Let's say that you wanted to go back to the state of your data in v1.0. If the above steps have been done correctly, you should be able to do this using:
```
git checkout v1.0
dvc checkout
```
Confirm that you have reverted to the original data.
(Optional) Finally, it is important to note that dvc is not only intended to be used to store data files but also any other large files such as trained model weights (with billions of parameters these can be quite large). For example, if we always store our best-performing model in a file called best_model.ckpt then we can use dvc to version control it, store it online and make it easy for others to download. Feel free to experiment with this using your model checkpoints.

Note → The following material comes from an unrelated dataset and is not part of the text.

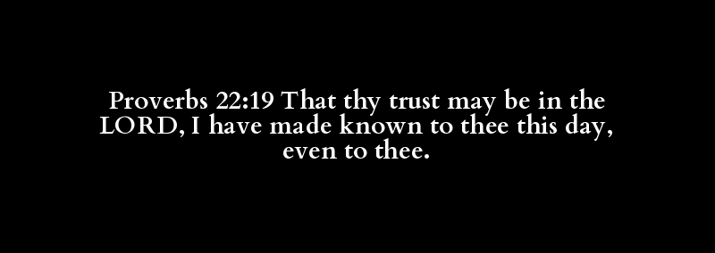 Proverbs 22:19 That thy trust may be in the LORD, I have made known to thee this day, even to thee.

In general dvc is a great framework for version-controlling data and models. However, it is important to note that it does have some performance issues when dealing with datasets that consist of many files. Therefore, if you are ever working with a dataset that consists of many small files, it can be a good idea to:

Zip files into a single archive and then version control the archive. The zip archive should be placed in a data/raw folder and then unzipped in the data/processed folder.
If possible turn your data into 1D arrays, then it can be stored in a single file such as .parquet or .csv. This is especially useful for tabular data. Then you can version control the single file instead of the many files.

🧠 Knowledge check

How do you know that a repository is using dvc?

Solution

Similar to a git repository having a .git directory, a repository using dvc needs to have a .dvc folder. Alternatively you can use the dvc status command.
Assume you just added a folder called data/ that you want to track with dvc. What is the sequence of 5 commands to successfully version control the folder? (assuming you already set up a remote)
Solution
```
dvc add data/
git add .
git commit -m "added raw data"
git push
dvc push
```

That's all for today. With the combined power of git and dvc we should be able to version control everything in our development pipeline such that no changes are lost (assuming we commit regularly). It should be noted that dvc offers more than just data version control, so if you want to deep dive into dvc we recommend their pipeline feature and how this can be used to set up version-controlled experiments. Note that we are going to revisit dvc later for a more permanent (and large-scale) storage solution.